- Developer: Little Bat Games
- Publisher: Little Bat Games
- Director: Cyrus Nemati
- Platforms: Windows; macOS; Linux; Nintendo Switch; PlayStation 4; PlayStation 5;
- Release: Windows, macOS, Linux July 18, 2024 Switch, PlayStation 4, PlayStation 5 February 17, 2026
- Genres: Visual novel, Adventure, Simulation
- Mode: Single-player

= Vampire Therapist =

2024 video game

Vampire Therapist is a 2024 narrative adventure game and visual novel developed and published by Little Bat Games. It was released on July 18, 2024, for Windows, macOS, and Linux, and on February 17, 2026 for Nintendo Switch, PlayStation 4, and PlayStation 5. The game received positive reviews and was nominated for a BAFTA Games Award.

== Gameplay ==
In the game, players take control of Sam Walls, a reformed Wild West gunslinger vampire who becomes a therapist to help other vampires through their psychological struggles. The gameplay combines visual novel elements with educational therapy concepts, specifically cognitive behavioral therapy (CBT). Players learn to identify and address "cognitive distortions" in their vampire clients' thinking patterns, using real therapeutic techniques that have been vetted by licensed therapists.
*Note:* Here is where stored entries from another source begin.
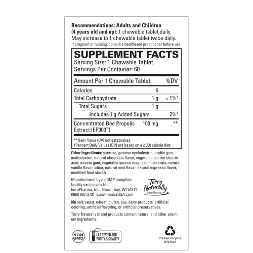 Make Propolis Extract EP300, in this convenient chewable tablet, your go-to immune supplement for the entire family.*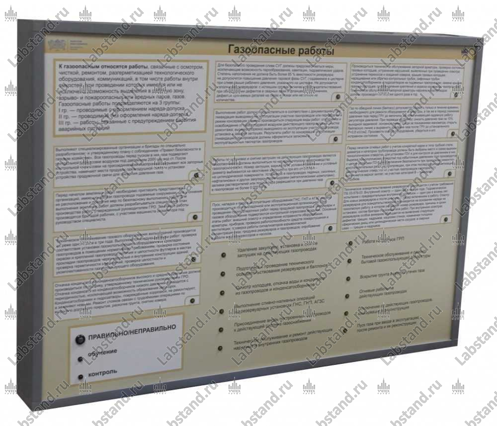 Назначение: Стенд-планшет предназначен для изучения правил и требований проведения газоопасных работ.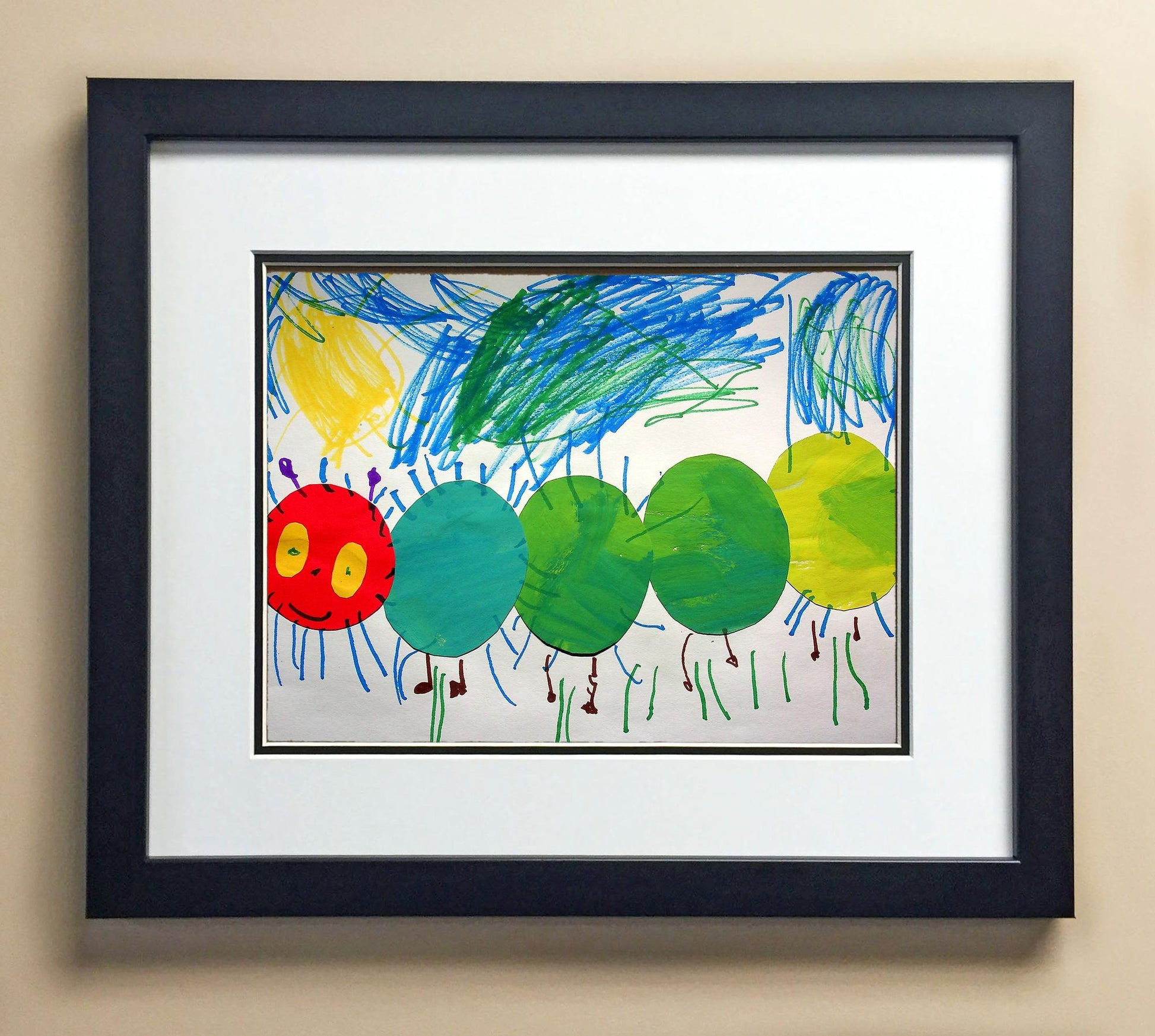 Included with the purchase is the Students Artwork, Frame, double matboard, shatter proof plexiglass, and a ready to hang backerboard with turnbuttons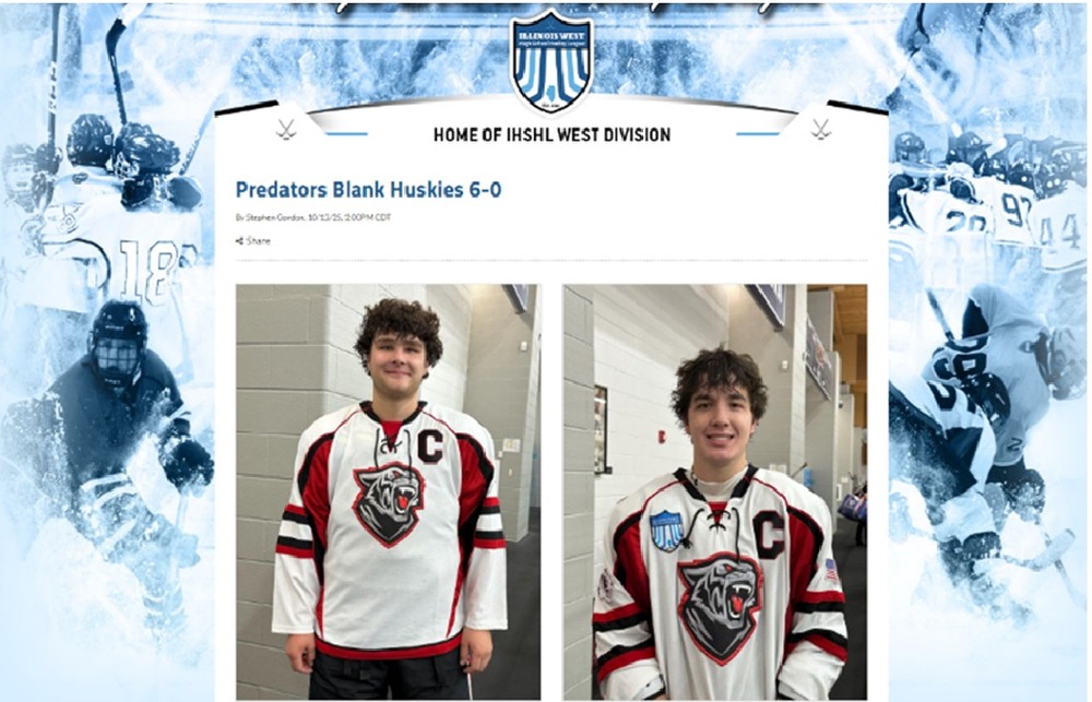 IL West Hockey News Article - "Predators Blank Huskies 6-0"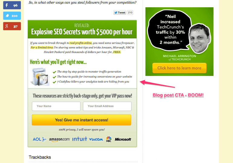 Neil Patel does a great job of asking for action from his readers at the bottom of every post. There is nothing wrong with asking as long as you are providing value to your readers.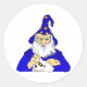 Blauer Zauberer mit Schädel Runder Aufkleber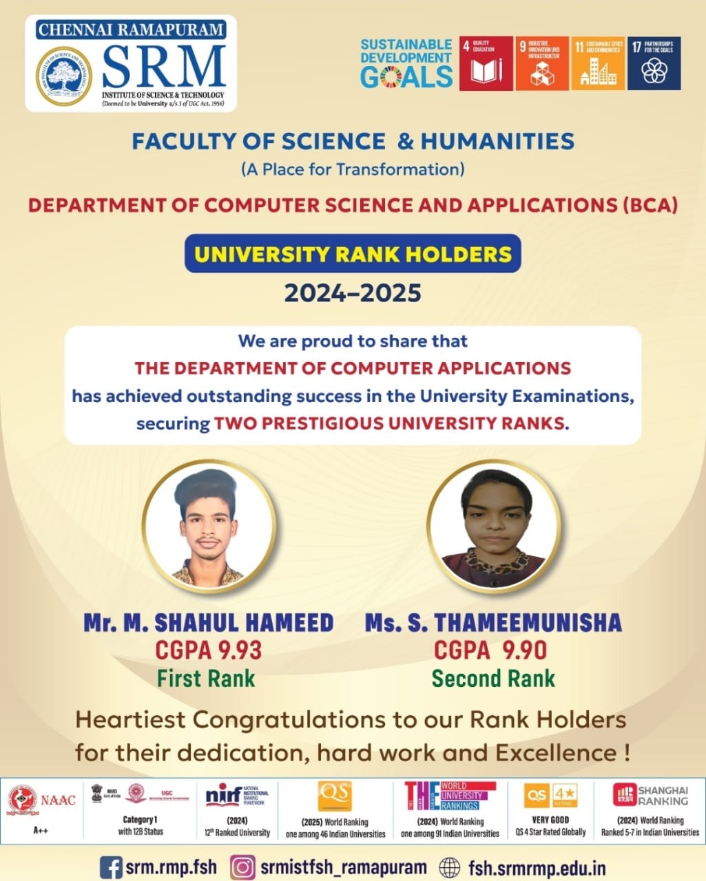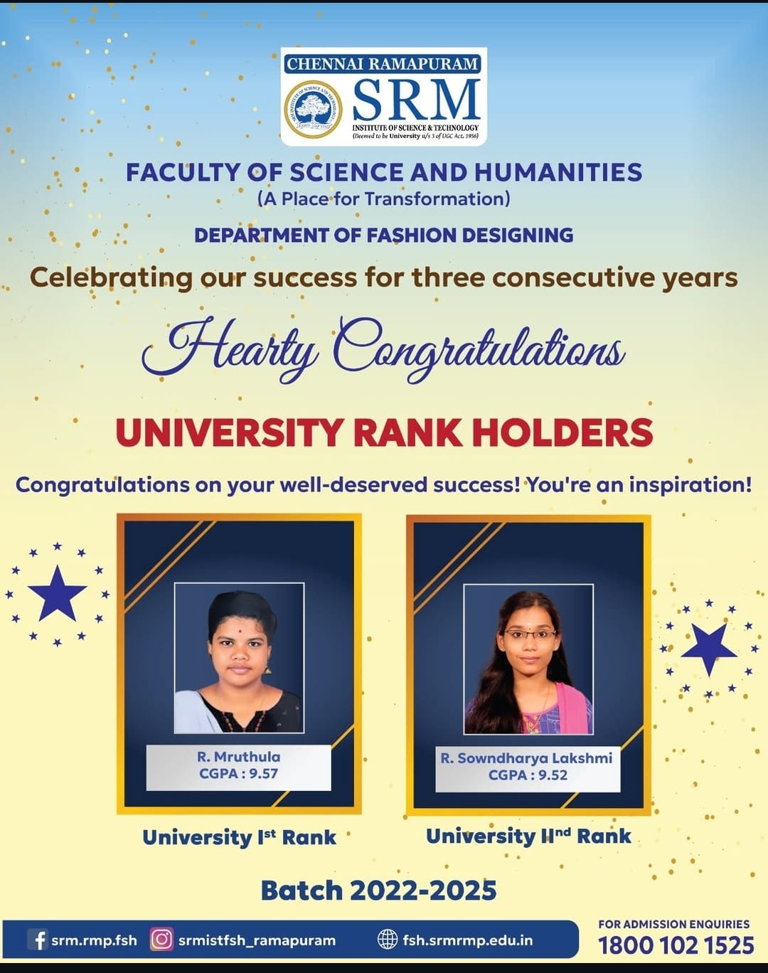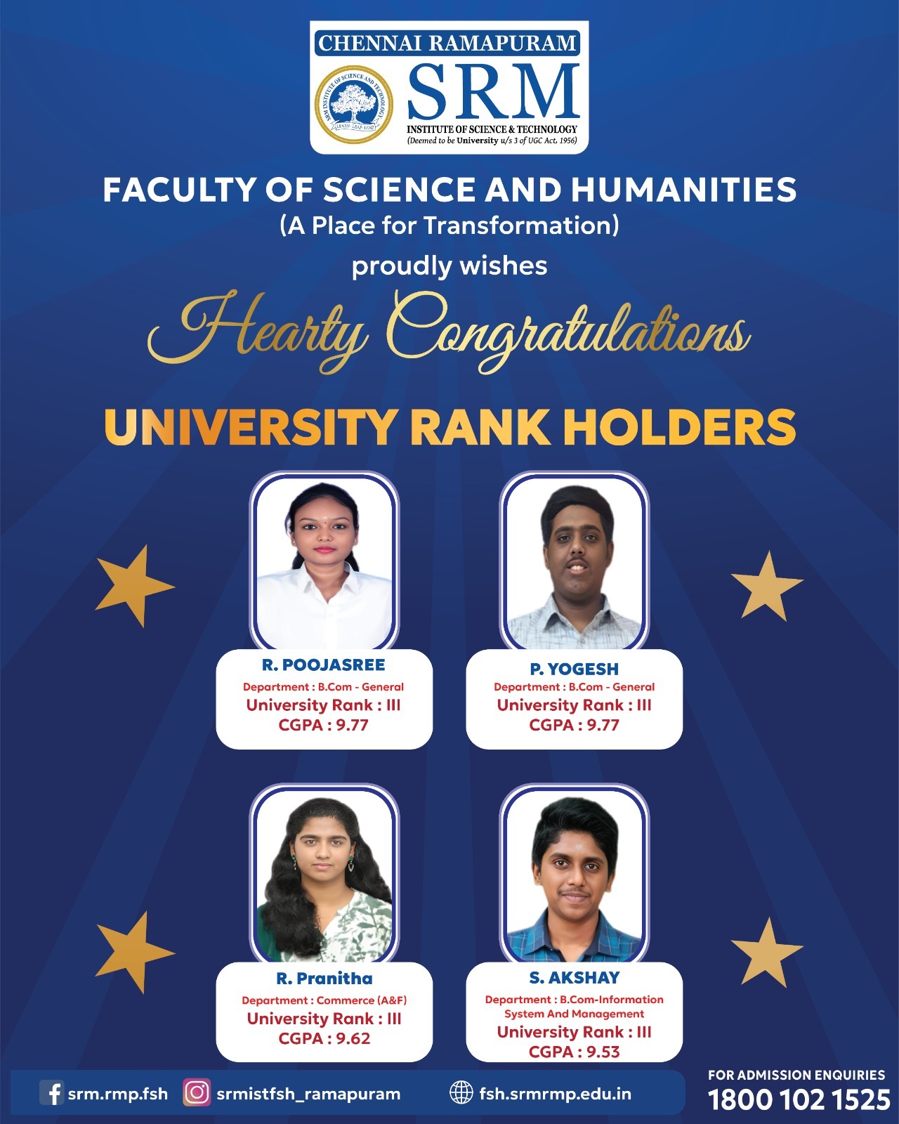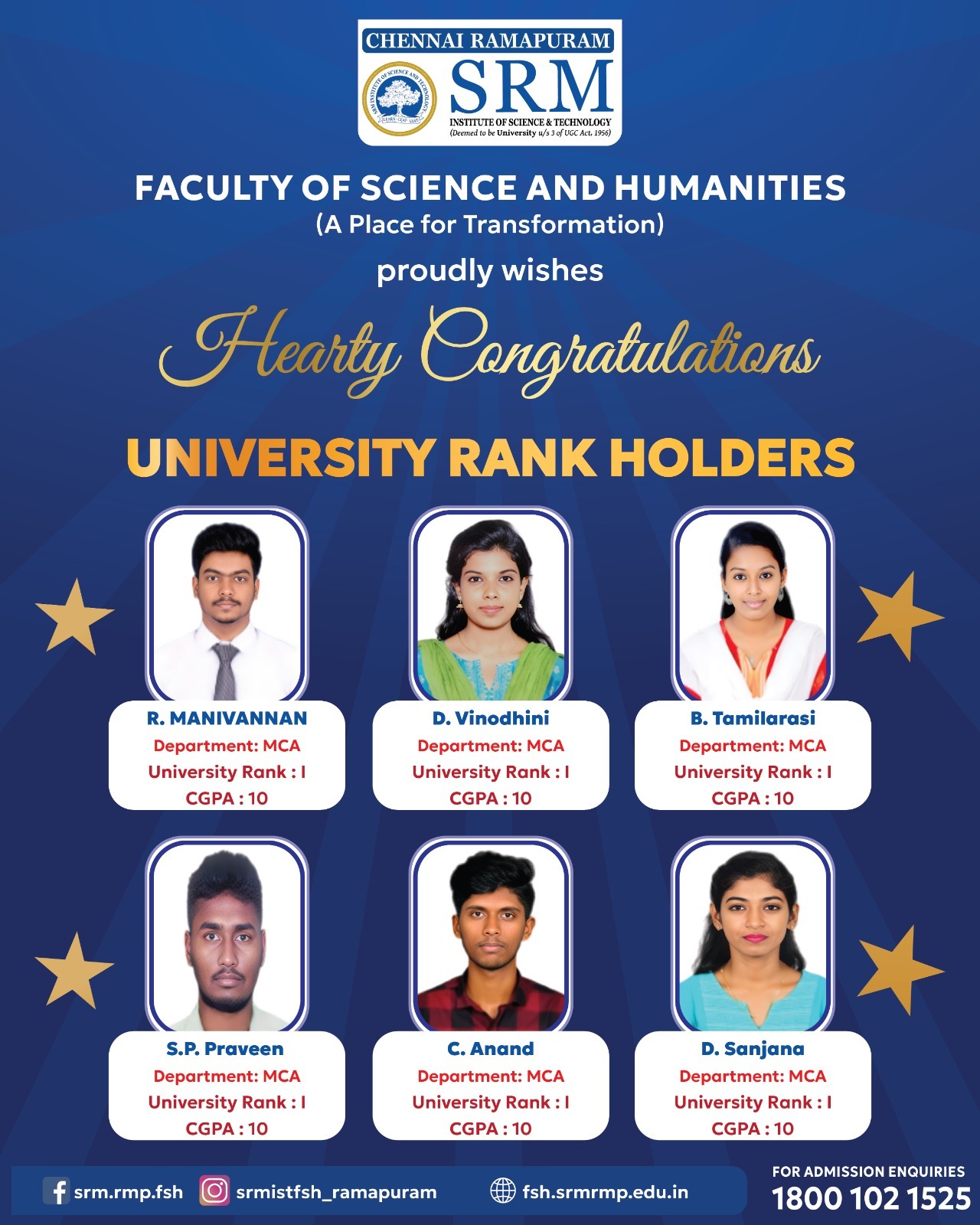 The Faculty of Science and Humanities, SRM Institute of Science and Technology, Ramapuram Campus is proud to announce that our students have secured an impressive 34 University Ranks in the Examinations held in May 2025.These ranks span across all disciplines of FSH, showcasing the academic excellence, hard work, and commitment of our students, along with the dedicated mentorship of our faculty members.This achievement stands as a testimony to the vibrant academic culture and holistic learning environment at FSH, SRM Ramapuram.Congratulations to all our rank holders for bringing glory to the institution!

The game features characters from various historical periods, including ancient Greece, Renaissance Italy, Tudor England, and the Bronze Age, each with their own emotional baggage and psychological challenges. Players progress through therapy sessions by selecting appropriate therapeutic responses and concepts to help their clients achieve better mental health.

== Plot ==
Sam Walls is a vampire who was originally a Wild West gunslinger. After centuries of bloodshed and violence, Sam realizes there must be more to immortal existence than "blood, lace, and leather." Seeking a new purpose, he travels to Germany where he meets Andromachos, a 3,000-year-old vampire who has trained in the art of therapy. Under Andromachos's guidance and mentorship, Sam learns therapeutic techniques and begins working with vampire clients in a gothic nightclub setting called Immernacht.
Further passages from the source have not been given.